Wien – "Die Ärzte nennen es Verfolgungswahn. Aber ich bin verfolgt, das ist kein Wahn", ist Wilfred C. überzeugt. Eine Überzeugung, die ihn vor das Geschworenengericht unter Vorsitz von Eva Brandstetter gebracht hat, das über seine Einweisung in eine Anstalt für geistig abnorme Rechtsbrecher entscheiden muss. Schließlich hat der 33-Jährige zwei Frauen attackiert und eine lebensgefährlich verletzt.

Selbst Staatsanwalt Filip Trebuch unterstellt dem in Jogginghose und Schlapfen erschienen Mann quasi keine böse Absicht. Er leide laut psychiatrischem Gutachten an paranoider Schizophrenie.
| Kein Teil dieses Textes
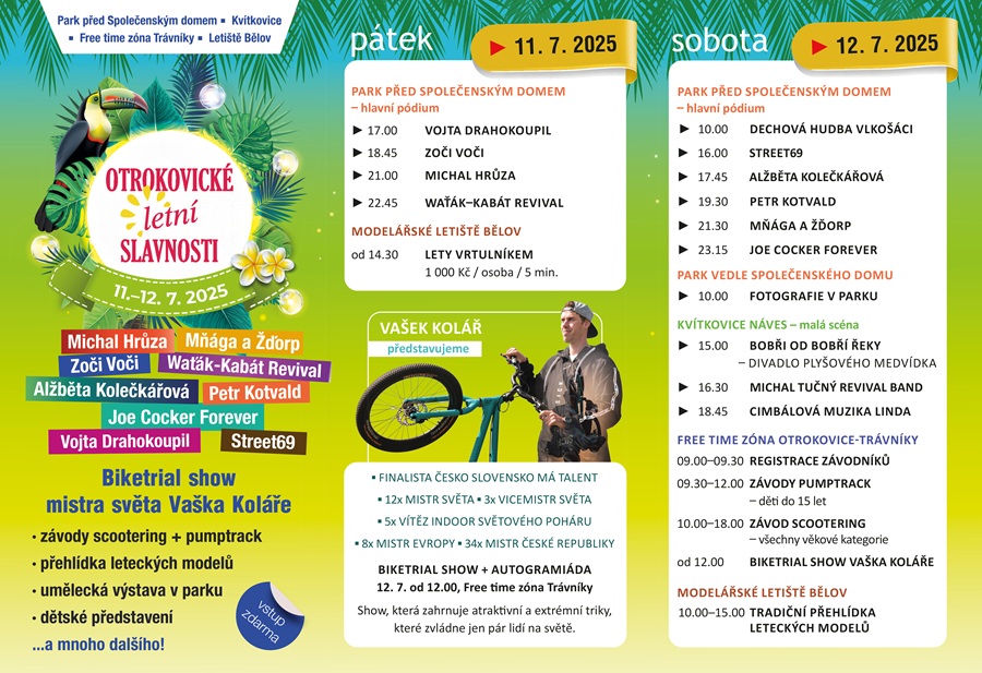 V sobotu se program rozšíří i mimo centrum města. Na své si přijdou nejmenší návštěvníci – na návsi v Kvítkovicích je připravené dětské divadelní představení „Bobři od Bobří řeky“, následované koncerty Michala Tučného Revival Bandu a Cimbálové muziky Linda. Freetime zóna na Trávníkách ožije závody Scootering CZ & Pumptrack CUP 2025, které nabídnou skvělou podívanou na koloběžkách i kolech. Mezi největší taháky patří biketrialová show mistra světa Vaška Koláře, která nadchne malé i velké.

Dass er am 21 Juni in Wien-Neubau eine 29-Jährige auf der Straße niedergestochen habe und eineinhalb Monate später eine Glasflasche auf dem Kopf einer anderen Frau zertrümmert habe, zeige, dass er gefährlich sei, erklärt er den Laienrichtern.

Von hinten attackiert

C.s erstes Opfer war auf dem nächtlichen Heimweg von einer Feier, als er die Passantin ohne Vorwarnung von hinten attackierte und ihr in den Rücken stach. Von anderen Fußgängern ließ er sich nur kurz ablenken, dann lief er der jungen Frau nach und stach weiter zu, ehe er flüchtete.

Dafür will er aber nicht verantwortlich sein, obwohl ihn Opfer und Zeugen eindeutig identifiziert haben. Dass er am 6. August in der Bibliothek des Allgemeinen Krankenhauses den nächsten Angriff begangen hat, gesteht er ein.

"Ich hatte vor, irgendeine Person mit einer Flasche zu schlagen", sagt er. Er traf eine Studentin, schlug mit einer Weinflasche so fest zu, dass die zerbrach und das Opfer ein Schädel-Hirn-Trauma erlitten hat.

C.s Verteidiger Sebastian Lesigang hält die Taten für furchtbar, erinnert aber daran, "dass es auch für ihn schlimm ist. Er hat auch sehr klare Momente und weiß, dass er behandelt werden muss."

Medikamente abgesetzt

Die weniger klaren Momente sind es, die für seine Umwelt gefährlich sind. Dann ist der studierte Informatiker davon überzeugt, dass die Nato seit dem Jahr 2008 mit ihm Experimente durchführt. "Das Ziel ist es, über Magie zu lernen", erklärt er der Vorsitzenden ruhig. Er sei damals zwar behandelt worden, die Medikamente setzte er aber ab. "Es ging mir auch ohne gut."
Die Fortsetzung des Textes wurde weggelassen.